I understand the importance of making the best decisions for the company that I can. However, doing that at a busy office with kids, parents, and staff present can be a distraction. I tried a co-working space, I tried working in coffee shops in NYC, I tried working at the office at times when I could be there alone. Eventually, I discovered that organizing my house so that I had a dedicated work area was the best solution. It has changed my concentration and my ability to not jump around from project to project. It has helped me listen to my staff and think more deeply. Ironically this has been one of the silver linings of Covid-19. I’ve had a lot of solitude in which to think, and execute.

4. Join or develop a group of other business owners so that you may share ideas and have a sounding board for your thoughts; there are many things you can’t discuss with your staff and other business owners can be extremely helpful.

Over the years I’ve been a member of a variety of business support groups including the Goldman Sach’s 10,000 Small Business Program, The Women Presidents’ Organization, Vistage, and the Columbia Community Business Program. Each program worked for a while and then it was time to move on.

Since Covid 19, I realized it was a very important time to check in and have a support group of business owners experiencing similar challenges to mine. I decided to form my own group and it has worked very well. We meet on Zoom for one hour a month, and check in weekly. This has helped me find and provide support, discover new ideas, and weather a very challenging moment.

5. Make sure you have ways to stay engaged, energized, and focused.

One day a few years ago my staff had to call an ambulance because I passed out in the office. If I needed a clear signal that I was working too hard, this was it! I landed in the hospital for a night. Luckily nothing was seriously wrong, but I knew this was something I couldn’t ignore. I now work fewer hours, and work hard to manage my sleep, my exercise, and my vacation time. Ironically I often get my best ideas for the company away from the office while biking or swimming. It is often more difficult to get myself to stop working than to keep working. It has taken getting outside support to help me reorganize my priorities so that I stay engaged, energized, and focused.

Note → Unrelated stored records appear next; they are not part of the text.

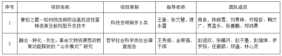 根据团中央、团省委关于开展第十九届“挑战杯”全国大学生课外学术科技作品竞赛作品申报工作的有关要求,经校赛、省赛选拔,我校拟推荐《青松之盾--松材线虫病防治高抗逆性菌株选育及新剂型开发技术》等2件作品参加第十九届“挑战杯”全国大学生课外学术科技作品竞赛,公示如下。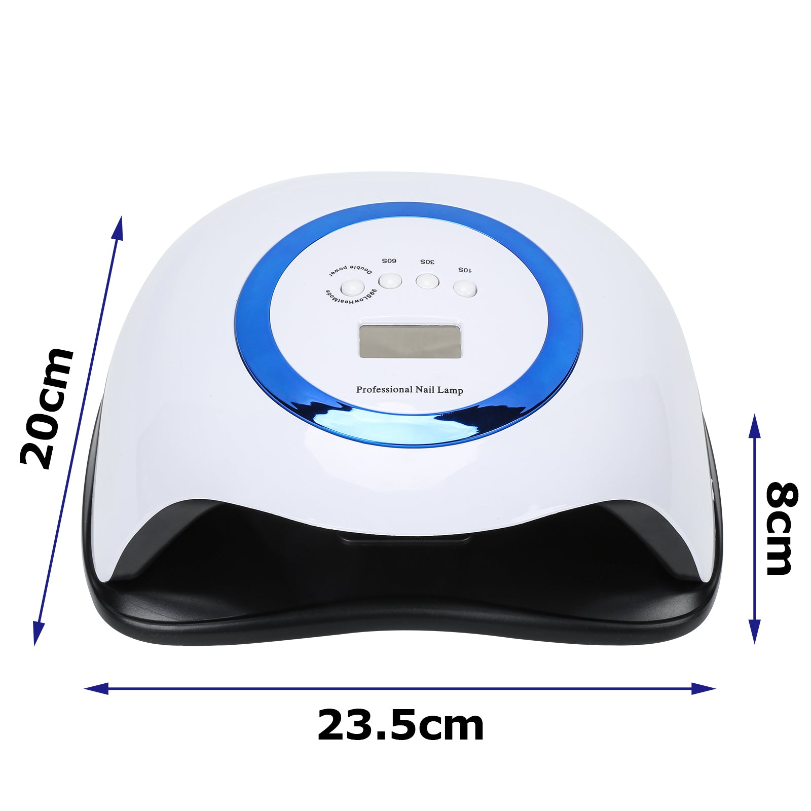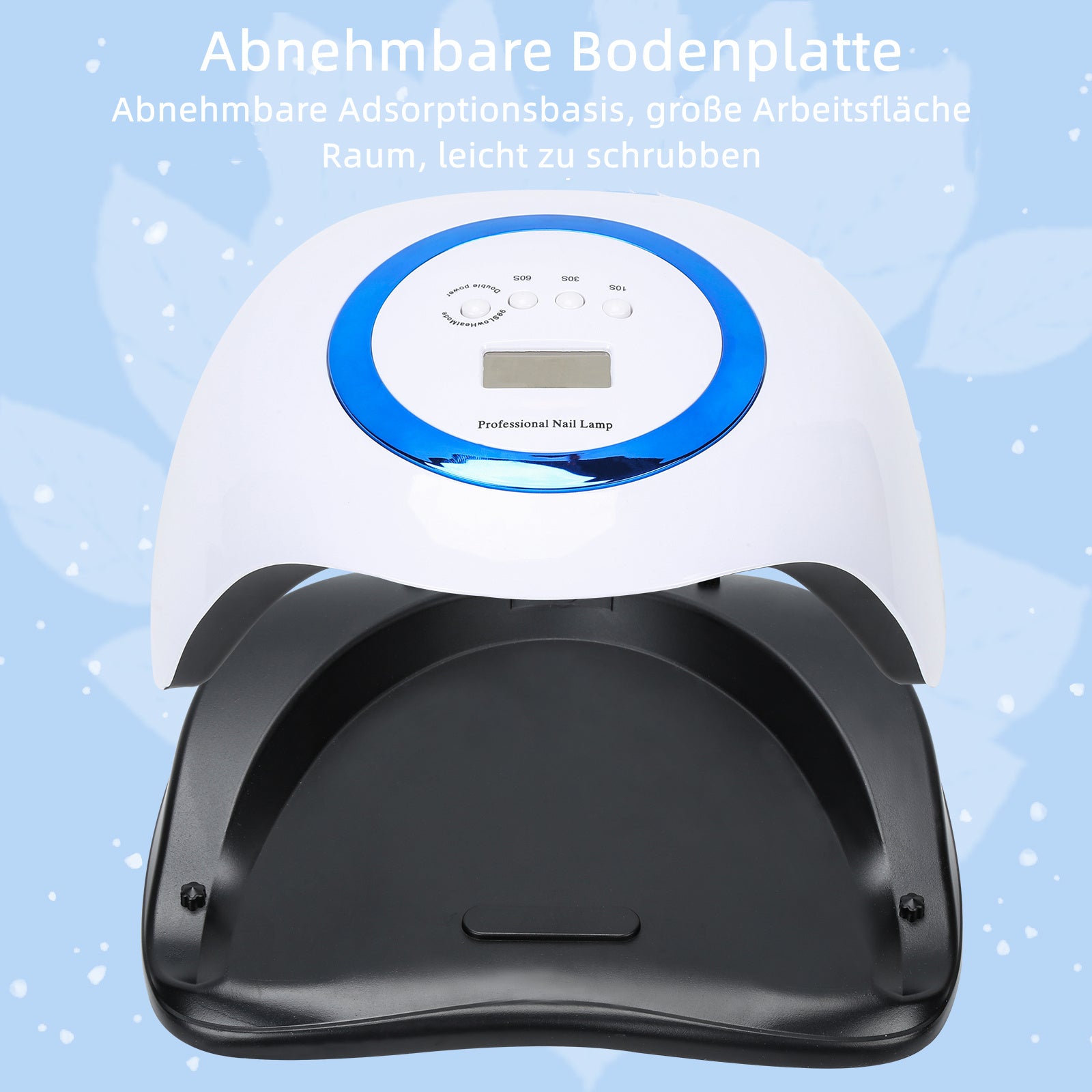 【Humanisiertes Design】Das Griffdesign der Nagelmaschine ermöglicht es Ihnen, sie leicht zu bewegen. Die Raum für die Finger ist groß genug, sodass alle fünf Nägel in einem Durchgang getrocknet werden können. Darüber hinaus kann das Gerät problemlos den Platt entfernen, um genug Platz für den Fuß zu schaffen und können die Zehen angenehmer verschönert werden. Unser Nageltrockner mit 180-Grad-Licht kann die ganze Hand oder den Fuß auf einmal trocknen, inkl. des Daumens, und Aushärten an den Seiten ist auch kein Problem.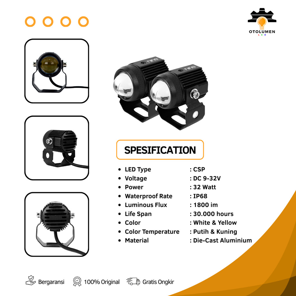 Lampu Tembak 1 Mata D2 Laser Q2 1 Set Putih Kuning Kipas Super Terang Motor Mobil - LUMINOSLED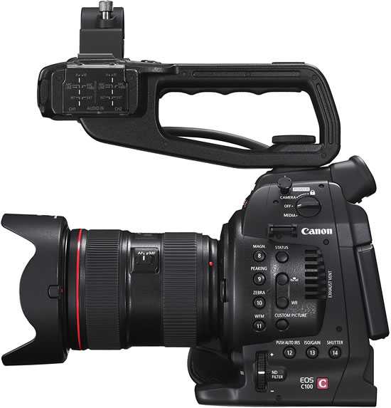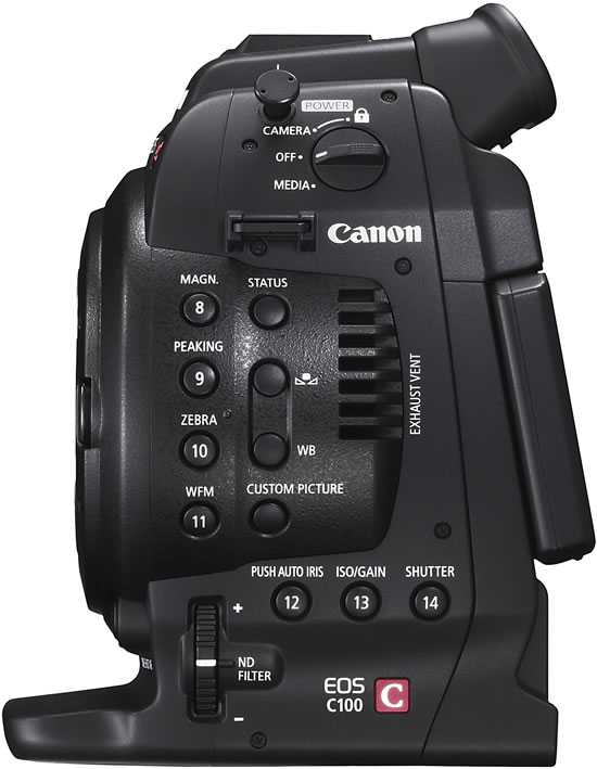 H new Canon EOS C100 digital video camera δίνει δυνατότητα push auto iris, one-shot auto focus (ή full manual focus και exposure control), ένα multi-angle 3.5-inch LCD panel ελέγχου, high-resolution electronic viewfinder (EVF), ενσωματωμένα ND φίλτρα, διπλά XLR inputs και locking HDMI έξοδο.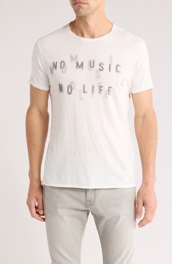 A shadowed message is scattered on the front of this crewneck T-shirt crafted from soft, breathable cotton.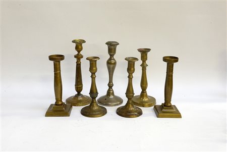 Lotto composto da sette candelieri in metallo (h max cm 24) (difetti)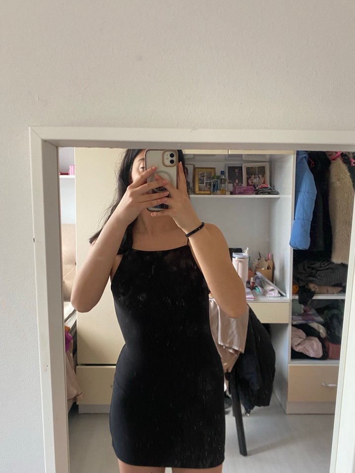İnce askılı ve düz yakalı bu siyah elbise, minimalist gotik tarzda, şık ve zahmetsiz bir görünüm sunar. Normal midi boyda ve günlük kullanıma uygundur.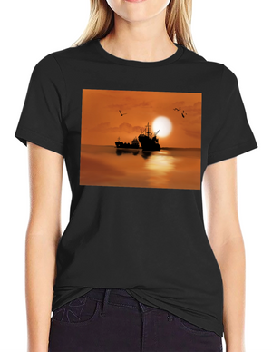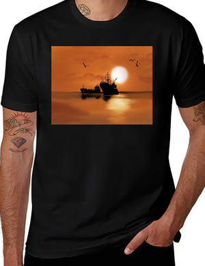 Sunset Fishing Boat T-Shirt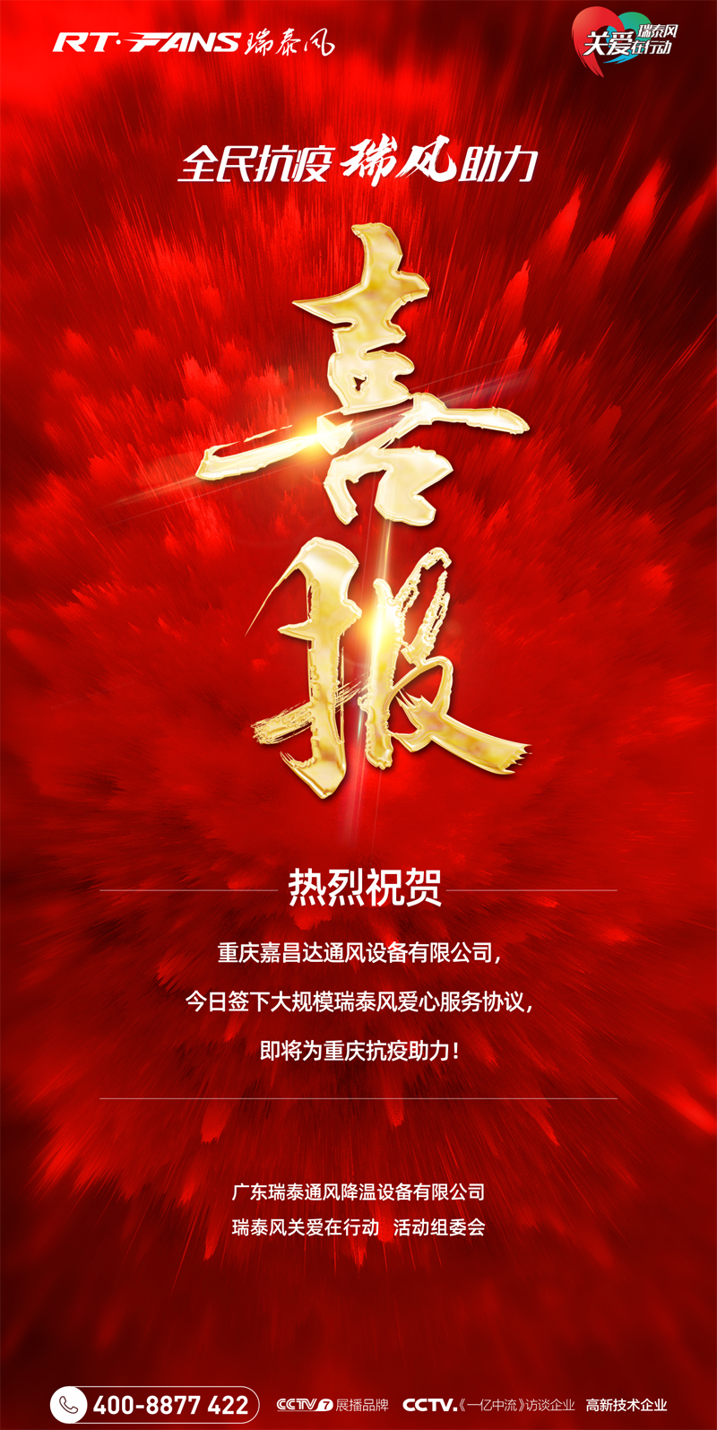 其中,重慶嘉昌達通風設備有限公司9日取得重慶市多地愛心服務機會,將為火熱的重慶,為奮斗在抗疫一線的醫護人員及重慶大規模排隊接種疫苗的市民,送來戶外健康清涼之風,希望一定程度上可以緩解高溫天困擾,傳遞全體瑞泰風人之愛,為繼蘇州展旭嘉團隊之后連續第2天取得全國關愛行動突破性進展。
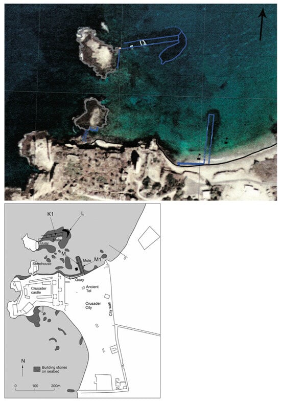 Satellite image of the Atlit harbor and its plan (indicating excavation areas K1, L, M, M1) [17].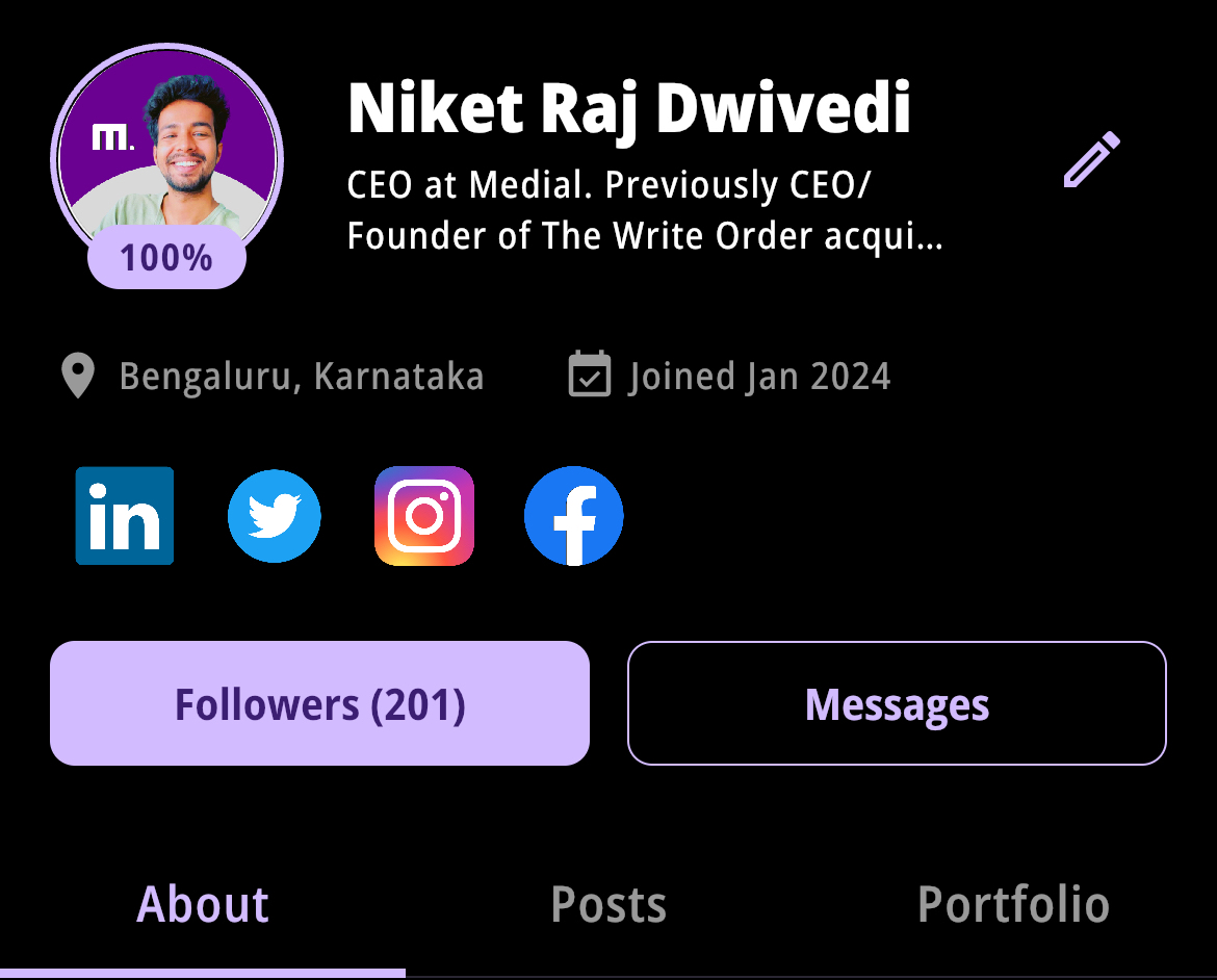 I crossed 100 followers on Medial today! Thanks for showering you love on Medial. I’m proud of how our community is shaping up and would like to thank each one of you ❤️🚀 The first person to reach 100 followers (who isn’t a Medial team member) will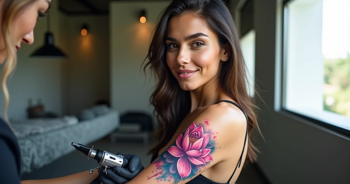 Descubra como fazer tatuagem flor de lotus aquarela, a técnica que transforma sua pele em uma pintura viva com cores que parecem dançar.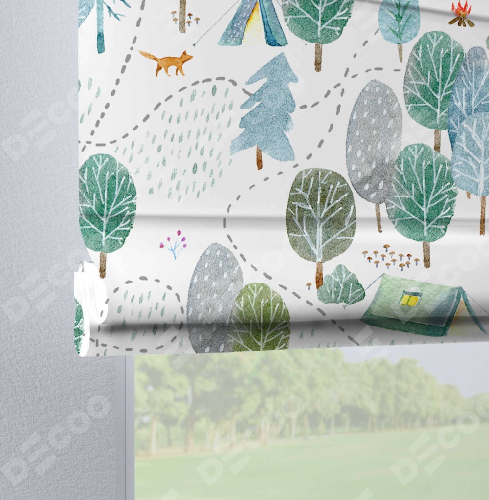 Римская штора «Кортин» на петлях «Лесистая местность» отлично подойдёт для интерьера: на балкон, в кухню и в детскую.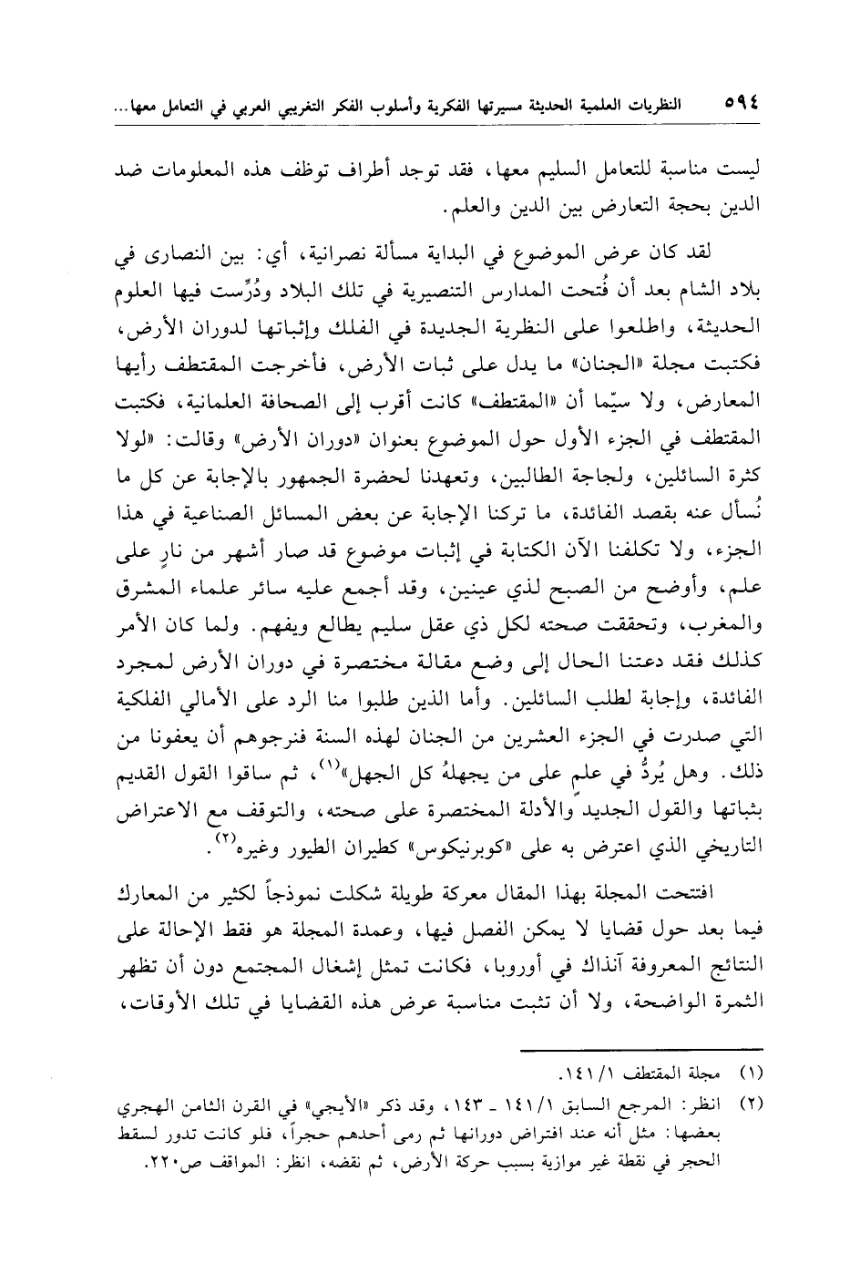 (¬2) انظر: المرجع السابق 1/ 141 - 143، وقد ذكر "الأيجي" في القرن الثامن الهجري بعضها: مثل أنه عند افتراض دورانها ثم رمى أحدهم حجرًا، فلو كانت تدور لسقط الحجر في نقطة غير موازية بسبب حركة الأرض، ثم نقضه، انظر: المواقف ص 220.

Wonderful. We are nearly done. Here are the final “meaty” questions of our discussion. You are a person of enormous influence. If you could inspire a movement that would bring the most amount of good to the most amount of people, what would that be? You never know what your idea can trigger. 🙂

The pandemic could wake us up to understand that there are many different ways to “do learning.” We should be more child-centered, and engage children and teachers in more relevant and exciting learning experiences. Schools are vastly unequal with underserved children often getting substandard education that reduces their subsequent earning potential. To solve major issues such as global warming and inequity across the globe, we need to re-examine schools and either reform them or change the concept of a school completely. The current school model is not meeting the needs of many children despite the enormous effort of many great educators.

We are very blessed that very prominent leaders read this column. Is there a person in the world, or in the US with whom you would love to have a private breakfast or lunch with, and why? He or she might just see this if we tag them 🙂

I am continually impressed by Michael Lewis’s podcasts and books. Meeting him would be very exciting.

Thank you so much for this. This was very inspirational, and we wish you only continued success!